XX съезд изменил положение с точки зрения потребностей тех, кто делает политику. Они уже нуждались в правде, хотя бы в знании объективной картины мира (в руководстве это едва ли понимали многие, но наверняка ощущали О.В. Куусинен и А.И. Микоян и, можно думать, Д.Т. Шепилов). Но стандарты, которые допускались в печати и даже научных изданиях, оставались в основном прежними, и на их страже стояло еще множество бдительных «охранителей основ», политических ортодоксов, которым, кстати, и начальство никогда не препятствовало, если те брались в пух и прах разносить любую свежую, нестандартную, содержавшую новые мысли работу, тем более если ее автор покушался на «священные» догмы.
Такая ситуация конечно же крайне затрудняла Арзуманяну развертывание института как исследовательского центра нового типа. Уже позже – в начале шестидесятых годов – у меня как-то был с ним обстоятельный разговор на эту тему, и Анушаван Агафонович откровенно рассказал, как он выходил из положения. В журнале института, в выпускаемых им книгах соблюдалась необходимая ортодоксальность. Достаточно почитать эти книги, так же как журнал «Мировая экономика и международные отношения» в первые годы его издания, чтобы в этом убедиться. Там продолжали взахлеб причитать о «шаткости и неустойчивости» капиталистической экономики, о приближающихся ее «новых потрясениях» и «кризисах» и обещали в недалеком будущем «догнать и перегнать» наиболее развитые капиталистические страны по производству всех важнейших видов промышленной и сельскохозяйственной продукции на душу населения. Но в то же время в записках, направляемых руководству, давалась куда более реалистическая картина. В ходе работы над записками, во внутренних дискуссиях, связанных с их подготовкой, как сказал тогда Арзуманян, росли кадры, люди понемногу освобождались от догматизма, учились писать по-новому. И потом, постепенно это начало сказываться и на публикациях в открытой печати.

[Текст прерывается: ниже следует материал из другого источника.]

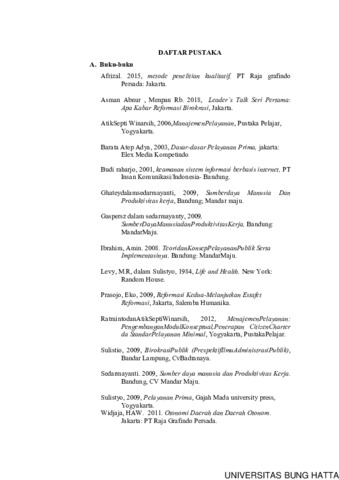 Maizul, Kadri and Nurbeti, Nurbeti and Suamperi, Suamperi (2021) PELAKSANAAN PELAYANAN PUBLIK DI DINAS PENDIDIKAN DAN KEBUDAYAAN DI KABUPATEN PESISIR SELATAN BERDASARKAN PERATURAN BUPATI KABUPATEN PESISIR SELATAN NOMOR 27 TAHUN 2017 TENTANG ROAD MAP REFORMASI BIROKRASI. Diploma thesis, Universitas Bung Hatta.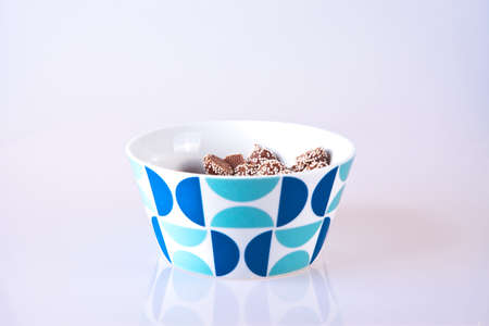 A blue ceramic mattle deep bowl for breakfast flying on blue background. Ideal photo for levitation of food and fruits or nuts.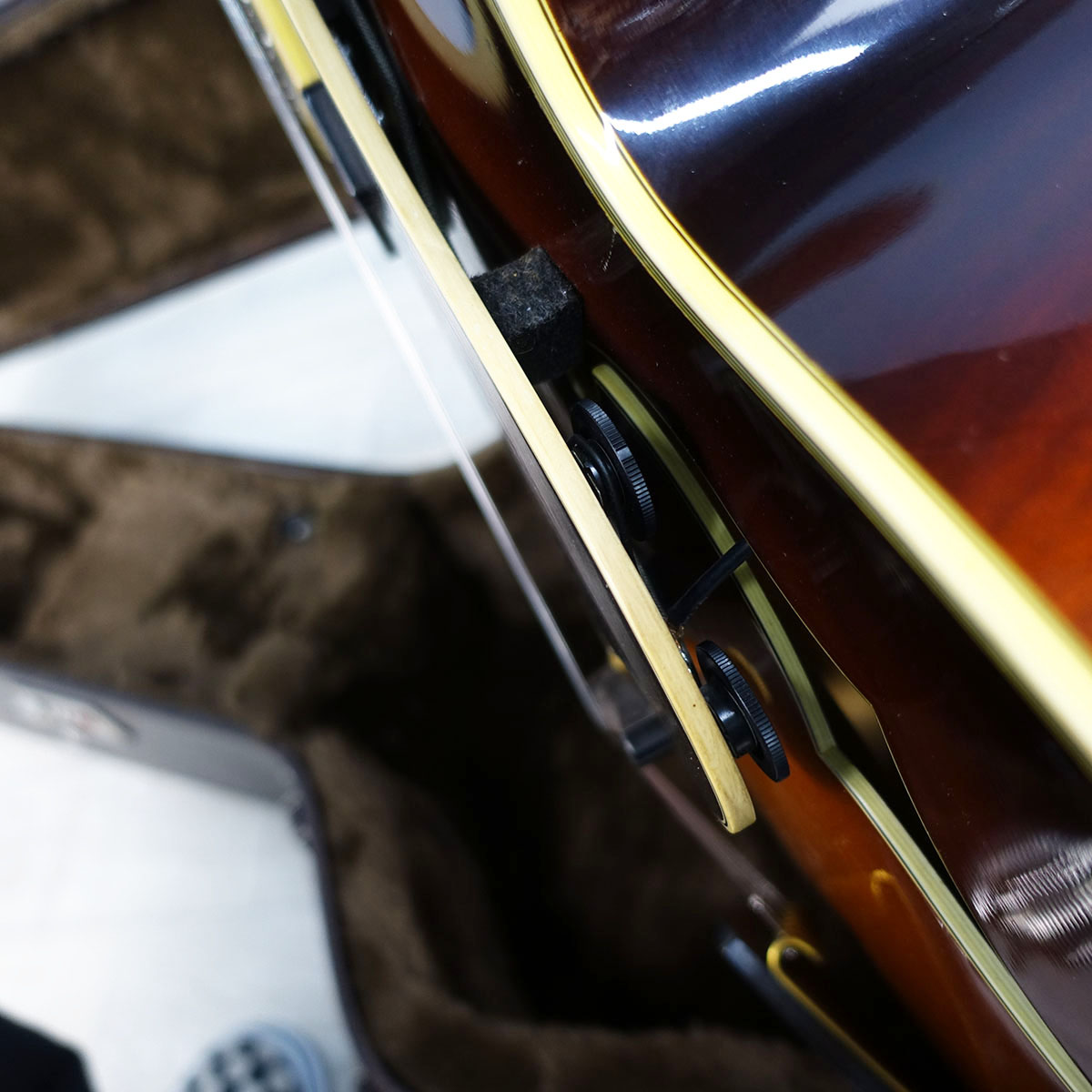 スキャロップド・ナット仕上げとなっており、各弦の分離感を求めた形状となっています。整形や溝のコンディションは問題なくきれいに仕上がっています。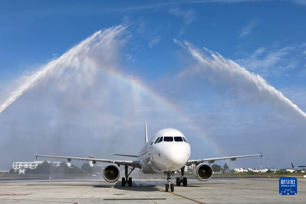 11月4日,马尔代夫马累维拉纳国际机场以水门仪式庆祝西机坪开通。新华社发(北京城建集团供图)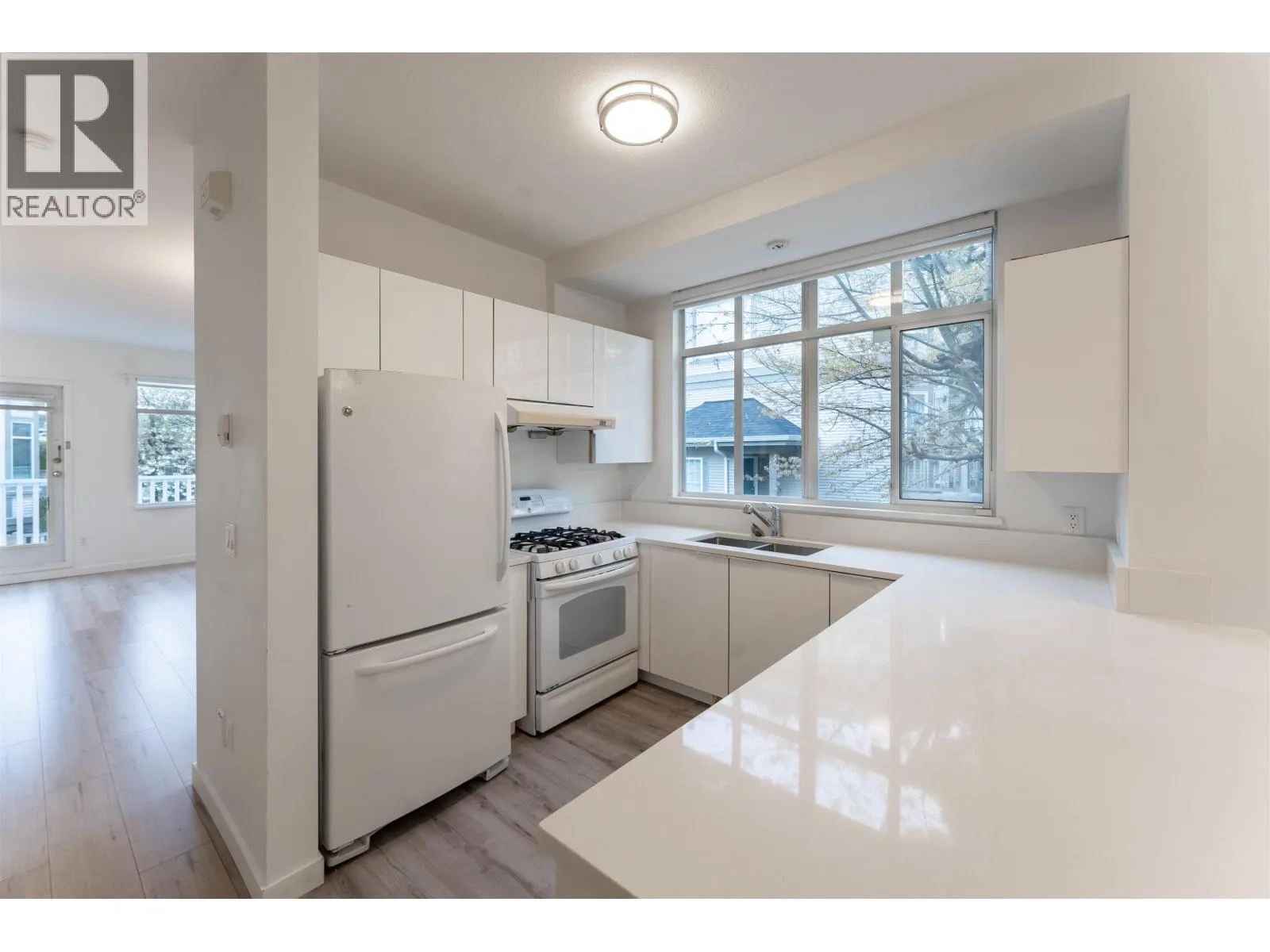 “Salisbury Lane” by Polygon in Terra Nova. This private inside-corner home offers North and South exposure, high ceilings, and a bright open-concept layout with a gas fireplace and large balcony. Updated approx. 2 years ago, the home features modern cabinetry, quartz countertops, new flooring throughout, washer & dryer, and a hot water boiler. With three visitor parking stalls directly across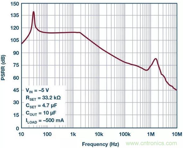 客戶使用運算放大器、ADC或其他信號鏈元件還將面臨另一個系統性能的難題:這些IC的電源抑制能力有限,更糟糕的是,高頻時的電源抑制能力可能會顯著降低。在過去,這意味著需要在電路板上使用額外的濾波元件,但這會增加解決方案的尺寸。此外,如果設計人員試圖獲得更高的精度,一旦穩壓器電源噪聲過高,則可能產生更多麻煩,這會導致測量場景出現不希望的變化。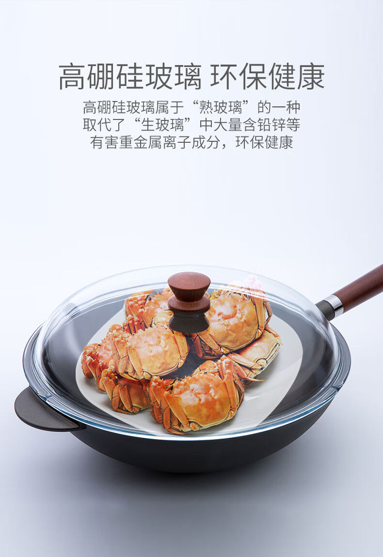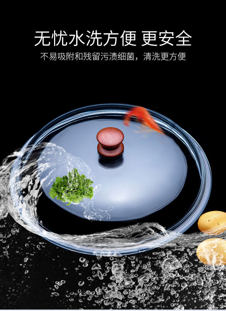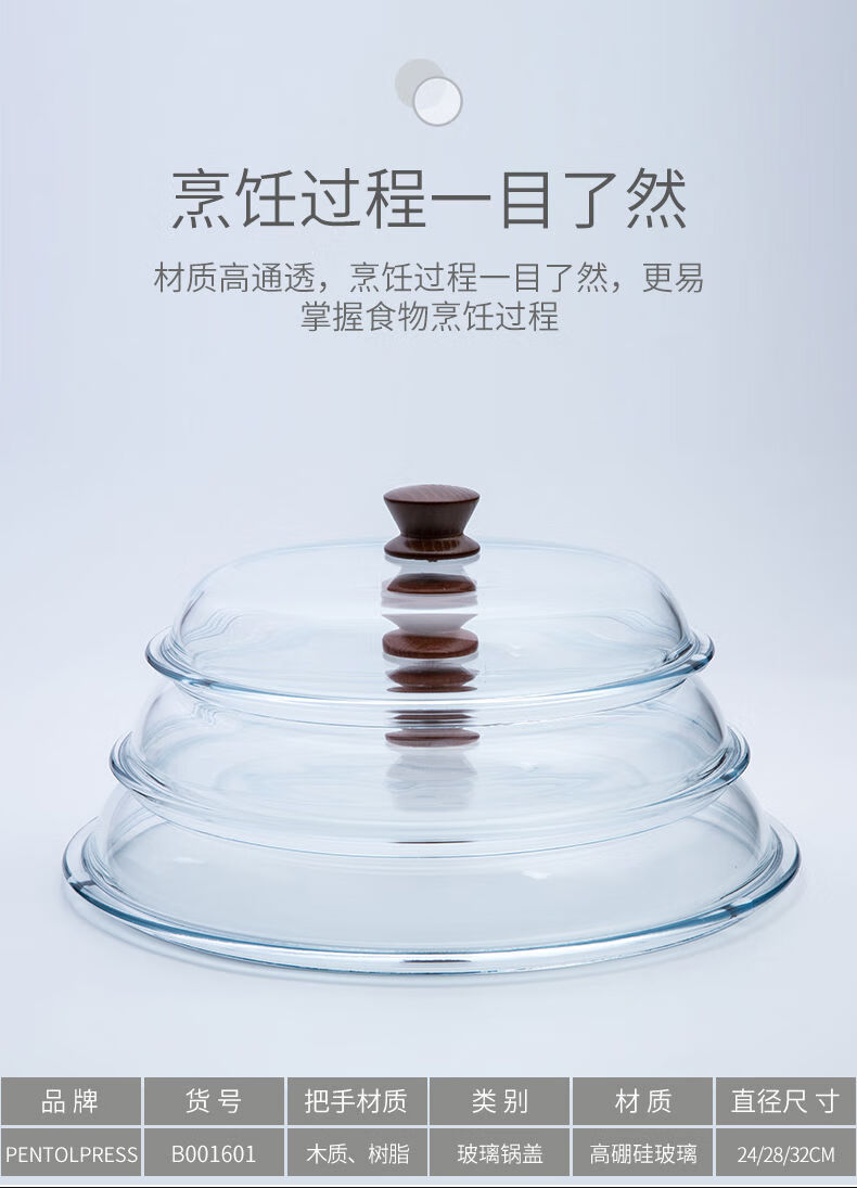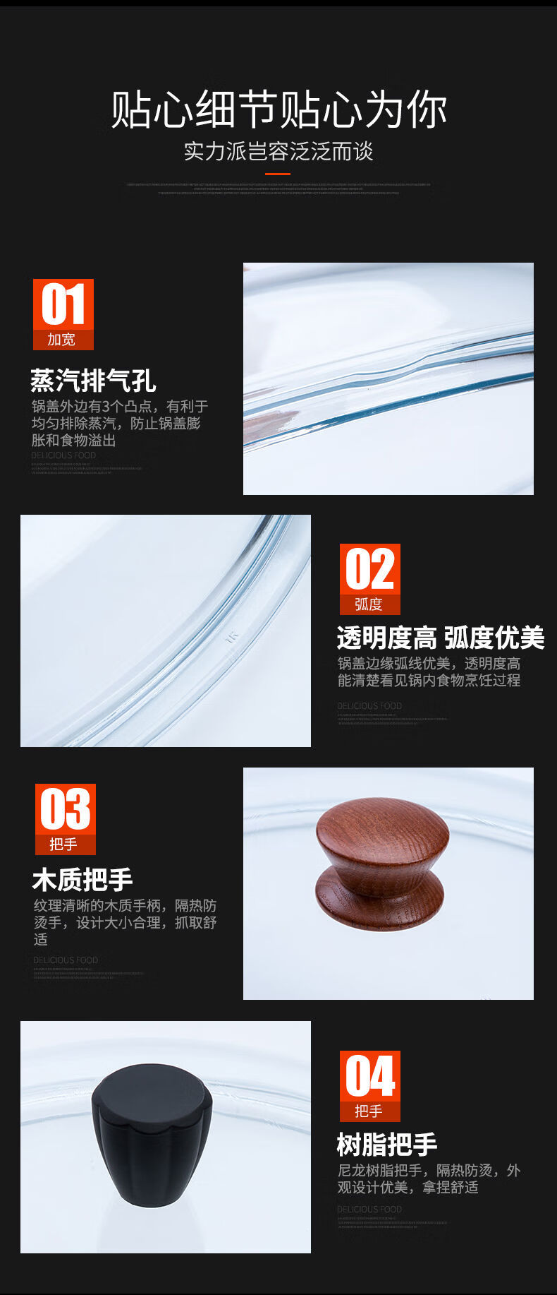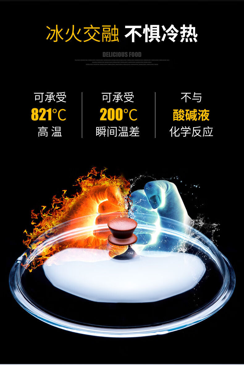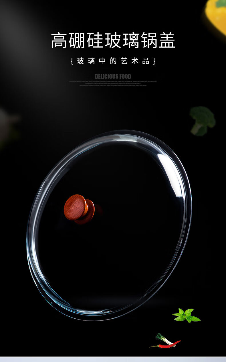 High borosilicate glass wok steamer tempered transparent glass pot lid household 242832cm black resin handle 24cm

Должен сказать, что в конце шестидесятых годов я не раз вспоминал этот разговор, решая в роли только что назначенного директора проблемы становления другого института – Института США (а с 1975 года – США и Канады) АН СССР. Мне тоже в чем-то пришлось идти по этому пути. Хотя обстановка позволяла (так, во всяком случае, считал я) смелее, реалистичнее писать также и в открытых изданиях, а тем более не упускать блестящих возможностей промолчать по некоторым вопросам, чтобы не кланяться обветшавшим догмам. Конечно, при условии, что ты сам был готов идти на риск, открываться для критики, а может быть, и подвергаться проработке. Идти на такой риск – в общем, по нашим советским представлениям, сложившимся на основе нелегких исторических традиций, не слишком большой (за не понравившиеся начальству статьи уже не сажали) – я и мои коллеги были готовы.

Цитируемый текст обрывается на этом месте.